Lancashire Times
A Voice of the North
Jan Harris
Assistant Editor
7:00 AM 30th September 2020

Shine On Harvest Moon!

On Thursday 1 October the Harvest Moon rose and was visible in our night skies for a few days.

Image by David Mark from Pixabay
Image by David Mark from Pixabay
Why a Harvest Moon?

The term ‘harvest moon’ refers to the full, bright moon that is closest to the autumnal equinox or the start of autumn. The name is from the time before electricity, when farmers depended on the moon's light to harvest their crops late into the night.

Most years the September full moon is the Harvest moon but every three years it is in the month of October. When the Harvest moon falls in the month of October it means that September’s full moon can use its traditional name of Corn Moon.

photo by Sandy Auriene Sullivan
photo by Sandy Auriene Sullivan
As September’s full moon was at the beginning of the month and was the last full moon of the summer, the October full moon takes on the name of Harvest moon as it falls nearest to the autumnal equinox (22 or 23 September).

Why two full moons in one month?

The month of October in 2020 will actually have two full moons, the Harvest moon on the 1 October and a Blue moon on the 31 October, which will be a rare Halloween Blue Moon.

Why a full moon?

A full moon occurs when the moon's earth-facing side is completely illuminated by the sun. Scientists say that when you see the moon looking really large as it rises in the sky your brain is actually playing a trick on you.

There are many reasons as to why this is, but the main theory is that when the moon is low on the horizon it can be compared to earthly things, like buildings and trees, and this is why it seems huge.

Every month of the year there is a full moon which illuminates the sky, each of which is given a different name.

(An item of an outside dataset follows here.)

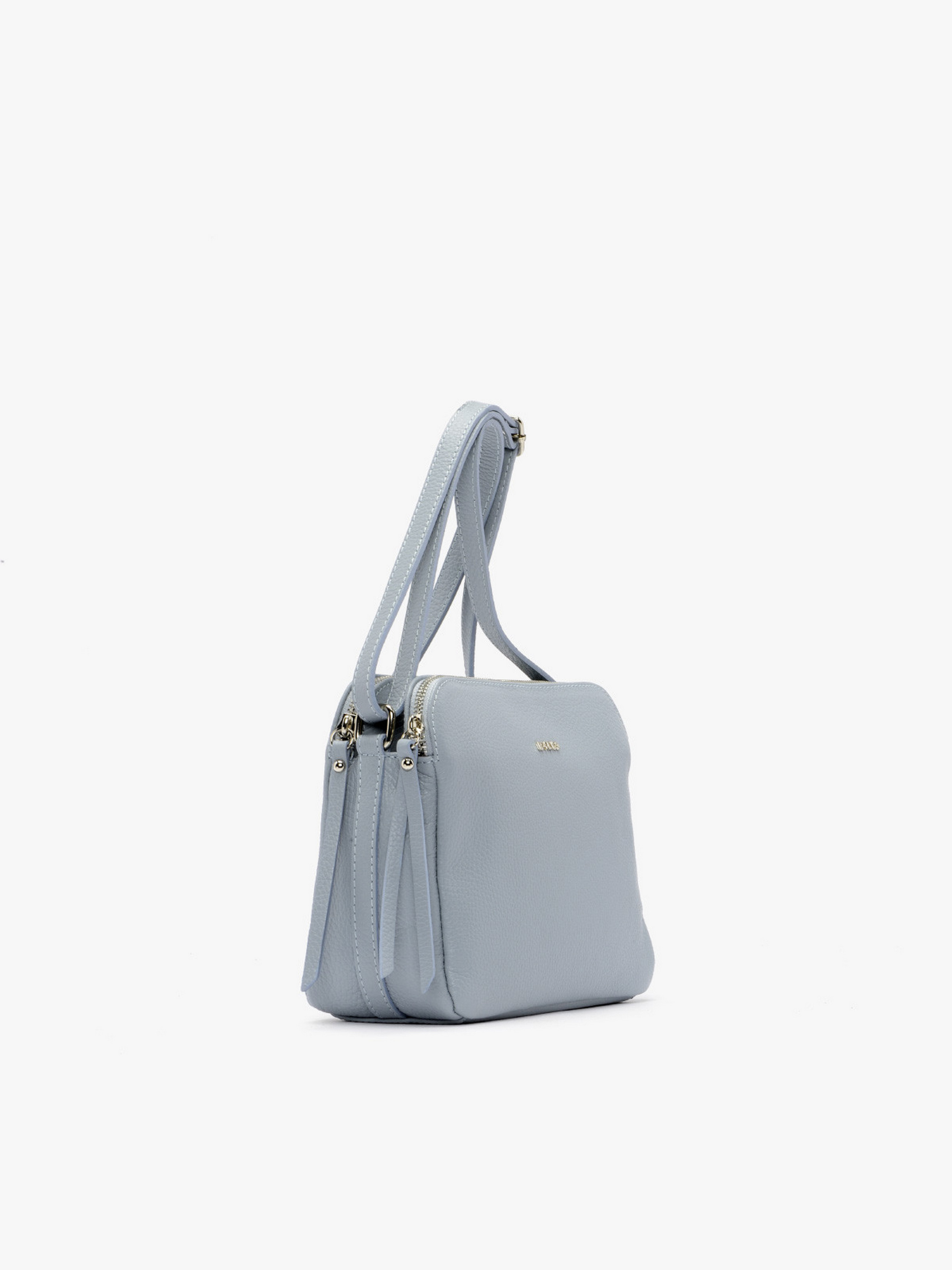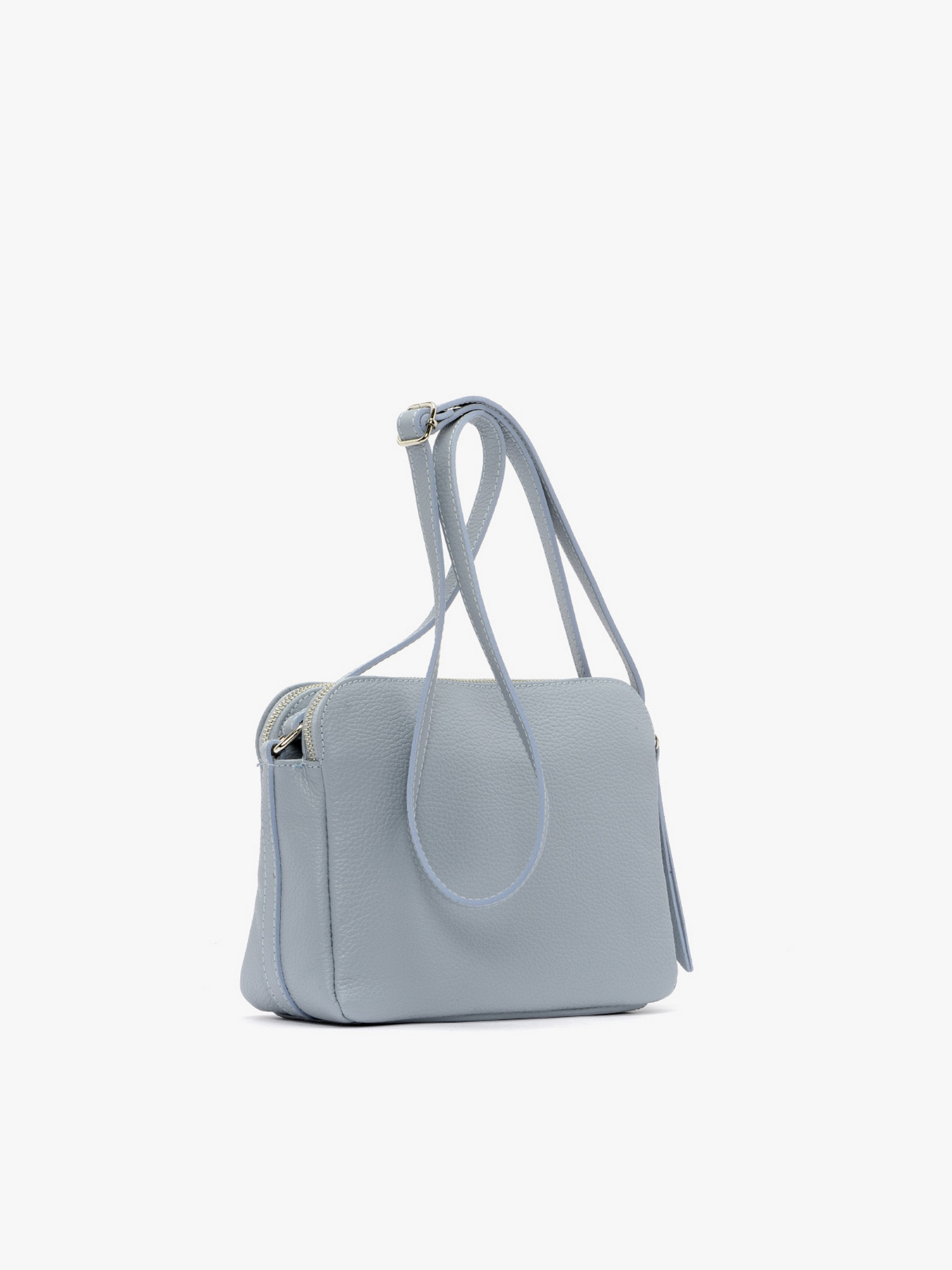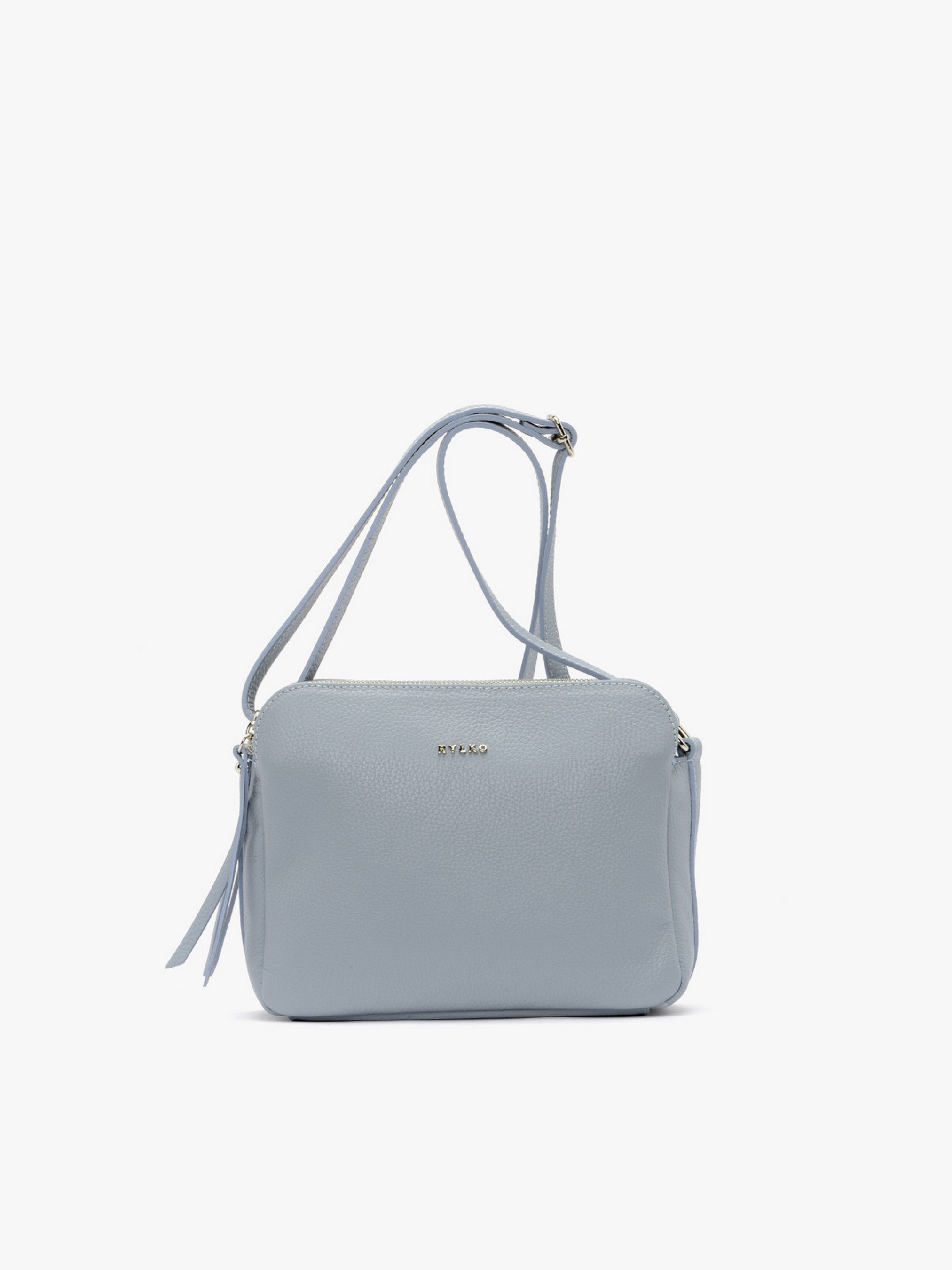 Практична сумочка RYŁKO із натуральної шкіри блакитного кольору. Сумка середнього розміру не вміщує формат А4. Із застібкою-блискавкою (2 шт.). Модель з 1 зовнішньою кишенею, 2 внутрішніми кишенями, 1 відділенням та регульованим ременем на плече, довжина 140 см. Розміри: Висота: 20 см, Ширина: 24 см, Глибина: 10 см.

Dates and names of full moons 2020

January 10 - Wolf Moon
photo by Rob Harris
photo by Rob Harris
February 9 - Snow Moon
March 9 - Worm Moon
April 7 - Pink Moon
May 7 - Flower Moon
June 5 - Strawberry Moon
July 5 - Buck Moon
August 3 - Sturgeon Moon
September 2 - Corn Moon
October 1 - Harvest Moon
October 31 - Blue Moon
November 30 - Beaver Moon
December 29 - Cold Moon

There are a total of 12 full moon phases during the annual lunar cycle plus the occasional Blue Moon and each full moon has a unique name.

The traditional names given to the full moons during the year are derived from the North American traditions. Many of these ancient moon names have been given based on the behaviour of the plants, animals, or weather during that month.

However the full moon names we now use also have Anglo-Saxon and Germanic roots.

The next full moon will rise on 31 October and will be a rare Halloween Blue Moon.